■ Task goal ■
Give back the lines below verbatim, omitting all pictures.

■ Supplied data ■

- - - - -

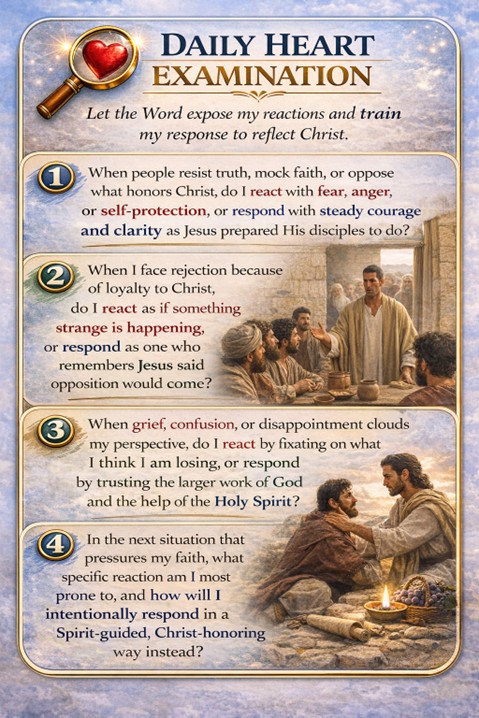 - 5️⃣ Grief, fear, and confusion can dominate disciples when they focus more on loss and danger than on Christ’s larger purpose. (John 16:5-6; Luke 24:17-21; Matthew 16:22-23)
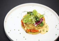 Оладушка из цукини с яйцом пашот и лососем слабой соли
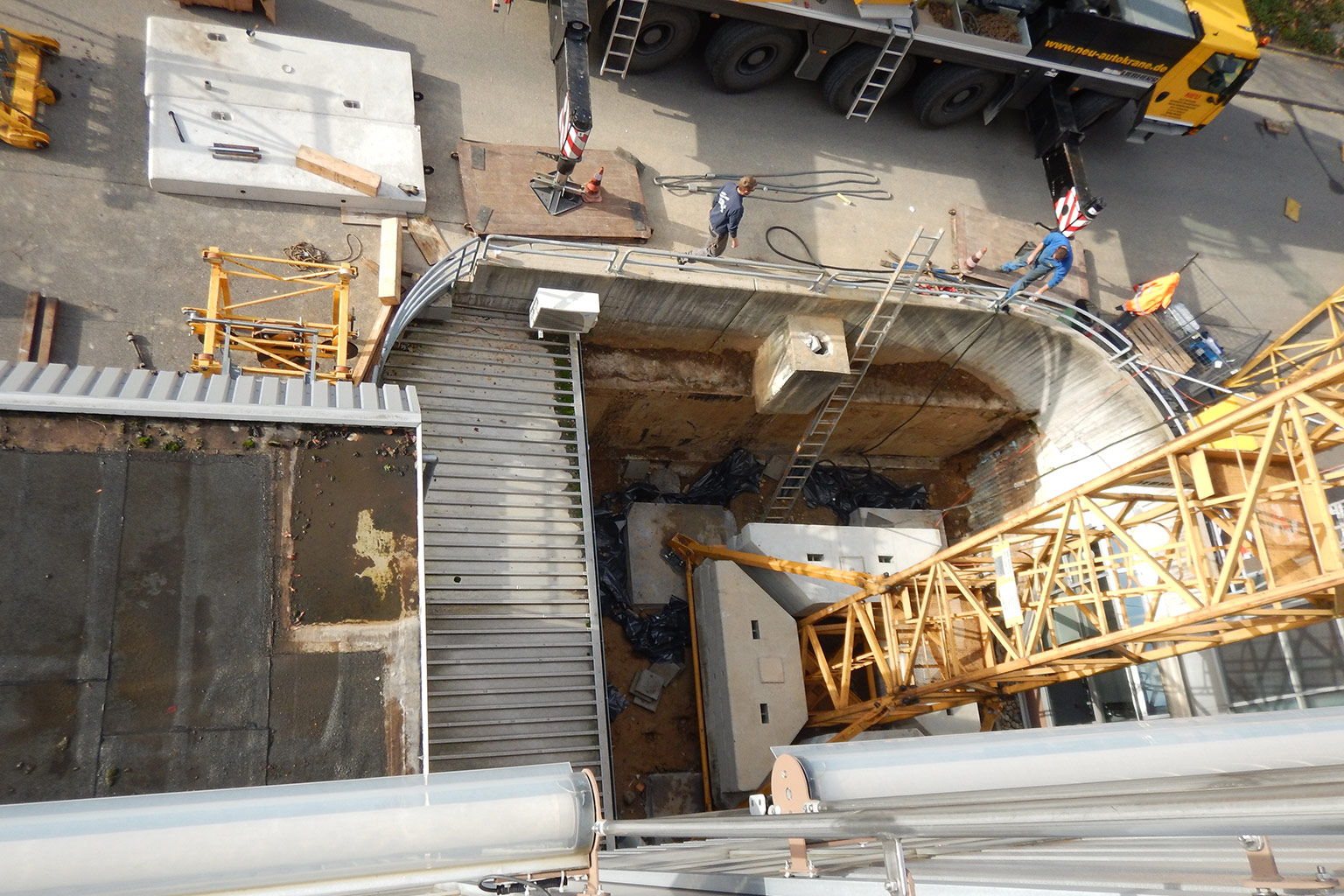 Es wurden Abbrucharbeiten im Bereich der Bodenplatte, Vorsatzwand und des Wandkopfes sowie Stahlbetonarbeiten im Bereich der Bodenplatte, Vorsatzwand und Wandkopfes vorgenommen.

- - - - -

■ Solution for this task ■
 - 5️⃣ Grief, fear, and confusion can dominate disciples when they focus more on loss and danger than on Christ’s larger purpose. (John 16:5-6; Luke 24:17-21; Matthew 16:22-23)
 Оладушка из цукини с яйцом пашот и лососем слабой соли
 Es wurden Abbrucharbeiten im Bereich der Bodenplatte, Vorsatzwand und des Wandkopfes sowie Stahlbetonarbeiten im Bereich der Bodenplatte, Vorsatzwand und Wandkopfes vorgenommen.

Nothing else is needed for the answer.